Study material »
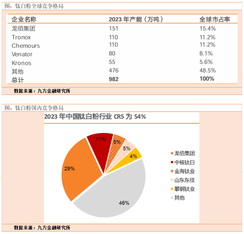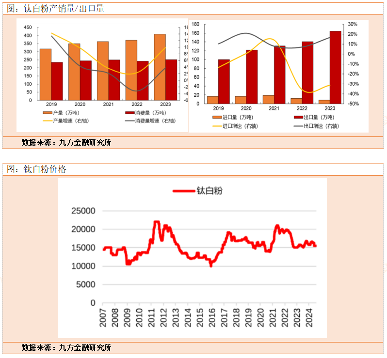 中国是全球钛白粉最大的生产基地,也是最大的出口国。2023年全球钛白粉产能在981.9 万吨,产能增长主要为中国,目前中国产能占全球产能55%;受国际市场需求及钛白市场 行业运行情况影响,科慕、泛能拓部分产能退出,中国钛白产能份额继续逐步扩大。2023 年全球前五大钛白粉企业为龙佰集团/特诺/科慕/泛能拓/康诺斯,全球CR5为51.5%。钛白粉行业格局很好,属于寡头垄断格局。龙佰集团一家独大,市场份额高达46%(国内),这也造就了钛白粉价格景气度要远好于其他地产化工品。2023 年我国钛白粉产量407万吨,同比增长9.9%;消费量为251.3万吨,同比增长3.8%。我国约30%-40%的钛白粉生产用于出口,2023年我国钛白粉出口164.2万吨,同比+17%。钛白粉下游需求以涂料为主,2023年占比达到58%,塑料与造纸占比分别为24%/10%。
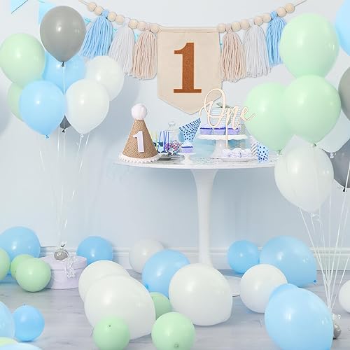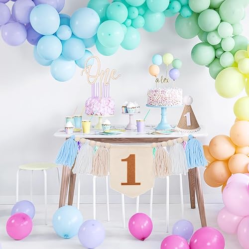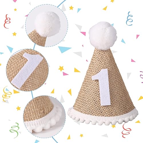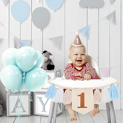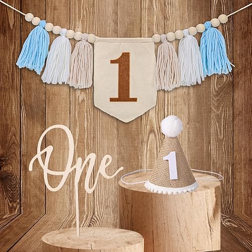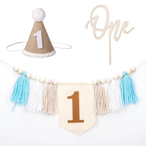 Bannière de Chaise Haute pour 1er Anniversaire, Bannière à Pampilles en Perles de Bois avec Décorations de Gâteau et Chapeaux pour Décoration de Fête d'Anniversaire d'Enfants
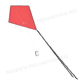 Bemerkungen: Da geht die Werbebotschaft in die Luft. Schöner grosser Drachen in traditioneller Form aus Polyester mit schwarz abgesetztem Rand und schwarzem Schweif mit einem ultraleichten stabilen Glasfaser-Rahmen. Kunststoffspule mit 20 Meter langer zugschnur.
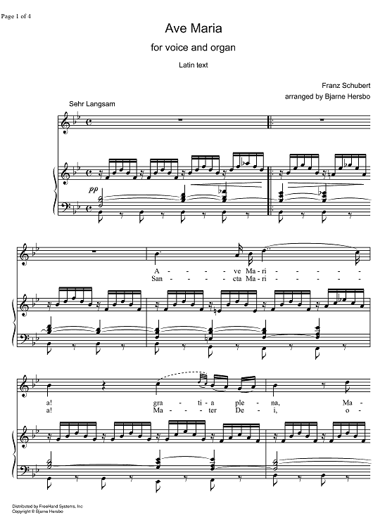 Digital Sheet Music for Ave Maria D839 by , Franz Schubert, Bjarne Hersbo scored for Voice/Organ; id:324006
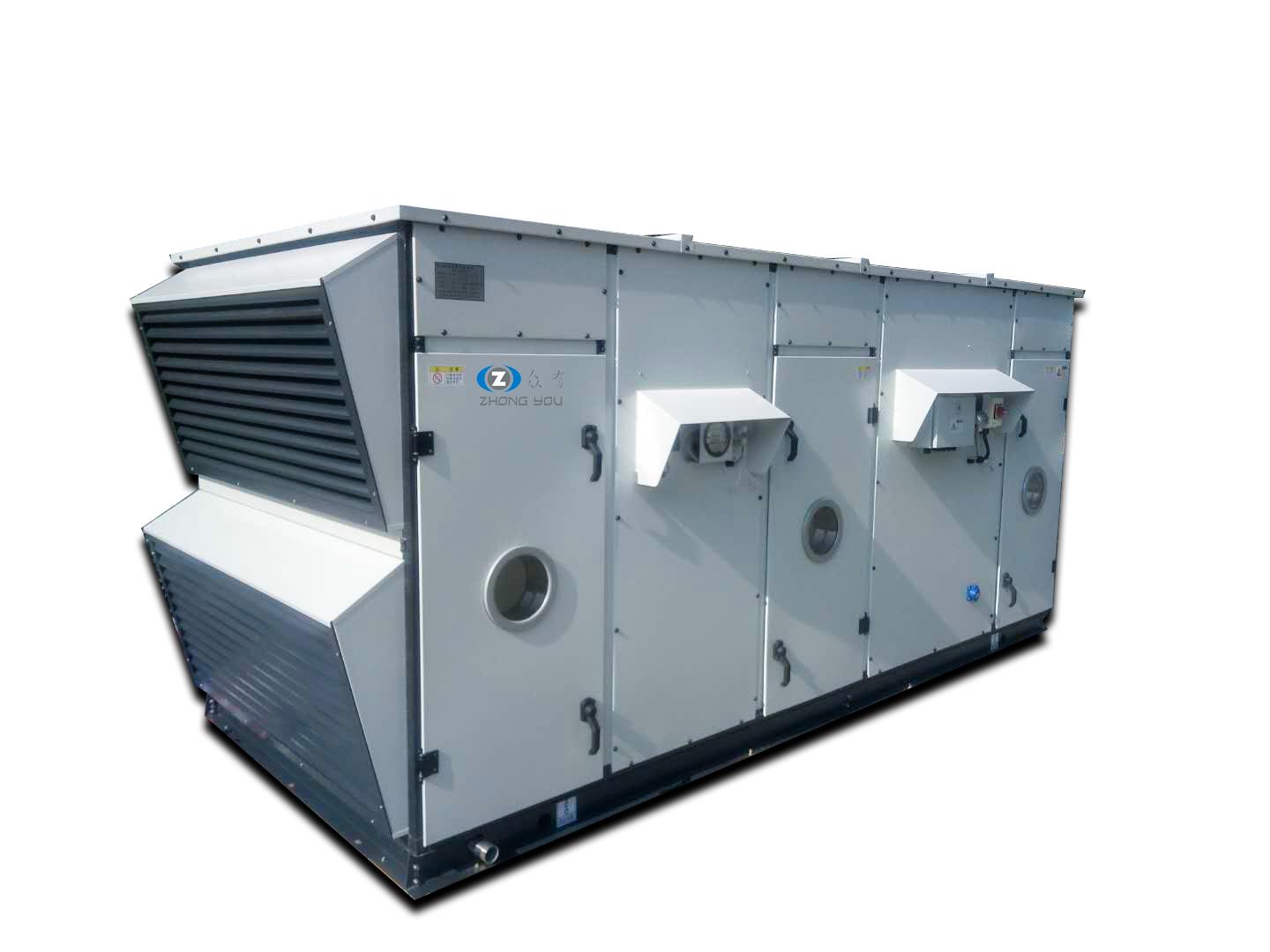 將室外的新鮮空氣經(jīng)處理后送入封閉區(qū)域、房間的機(jī)組,其蒸發(fā)器進(jìn)風(fēng)方式為全部新風(fēng)(或者新風(fēng)量占總送風(fēng)量50%以上的也可以參考本規(guī)范),特點(diǎn)是工況惡劣、工況變化大。此類機(jī)組包括制冷、制熱、加濕、除濕、通風(fēng)、潔凈等功能。其目的是為了配合回風(fēng)機(jī)組,對房間工況進(jìn)行調(diào)節(jié),一般精度要求不高。
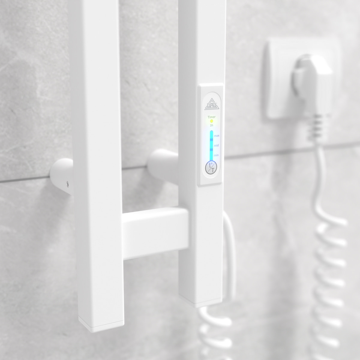 Особливості: керує нагріванням електрорушникосушки мікропроцесорний термоконтролер (кнопкове управління). Для початку роботи необхідно задати температуру сушки для рушників. Термодатчик контролює температуру поверхні рушникосушарки, що виключає його перегрів. Серед переваг регулятора - збереження обраного режиму роботи (при відключенні робота відновиться у запрограмованому користувачем режимі), наявність таймера відключення (3h) та колірної індикації роботи!

Aim of the task » Pictures are to be excluded; all other material must be transcribed exactly.

The answer »
 中国是全球钛白粉最大的生产基地,也是最大的出口国。2023年全球钛白粉产能在981.9 万吨,产能增长主要为中国,目前中国产能占全球产能55%;受国际市场需求及钛白市场 行业运行情况影响,科慕、泛能拓部分产能退出,中国钛白产能份额继续逐步扩大。2023 年全球前五大钛白粉企业为龙佰集团/特诺/科慕/泛能拓/康诺斯,全球CR5为51.5%。钛白粉行业格局很好,属于寡头垄断格局。龙佰集团一家独大,市场份额高达46%(国内),这也造就了钛白粉价格景气度要远好于其他地产化工品。2023 年我国钛白粉产量407万吨,同比增长9.9%;消费量为251.3万吨,同比增长3.8%。我国约30%-40%的钛白粉生产用于出口,2023年我国钛白粉出口164.2万吨,同比+17%。钛白粉下游需求以涂料为主,2023年占比达到58%,塑料与造纸占比分别为24%/10%。
 Bannière de Chaise Haute pour 1er Anniversaire, Bannière à Pampilles en Perles de Bois avec Décorations de Gâteau et Chapeaux pour Décoration de Fête d'Anniversaire d'Enfants
 Bemerkungen: Da geht die Werbebotschaft in die Luft. Schöner grosser Drachen in traditioneller Form aus Polyester mit schwarz abgesetztem Rand und schwarzem Schweif mit einem ultraleichten stabilen Glasfaser-Rahmen. Kunststoffspule mit 20 Meter langer zugschnur.
 Digital Sheet Music for Ave Maria D839 by , Franz Schubert, Bjarne Hersbo scored for Voice/Organ; id:324006
 將室外的新鮮空氣經(jīng)處理后送入封閉區(qū)域、房間的機(jī)組,其蒸發(fā)器進(jìn)風(fēng)方式為全部新風(fēng)(或者新風(fēng)量占總送風(fēng)量50%以上的也可以參考本規(guī)范),特點(diǎn)是工況惡劣、工況變化大。此類機(jī)組包括制冷、制熱、加濕、除濕、通風(fēng)、潔凈等功能。其目的是為了配合回風(fēng)機(jī)組,對房間工況進(jìn)行調(diào)節(jié),一般精度要求不高。
 Особливості: керує нагріванням електрорушникосушки мікропроцесорний термоконтролер (кнопкове управління). Для початку роботи необхідно задати температуру сушки для рушників. Термодатчик контролює температуру поверхні рушникосушарки, що виключає його перегрів. Серед переваг регулятора - збереження обраного режиму роботи (при відключенні робота відновиться у запрограмованому користувачем режимі), наявність таймера відключення (3h) та колірної індикації роботи!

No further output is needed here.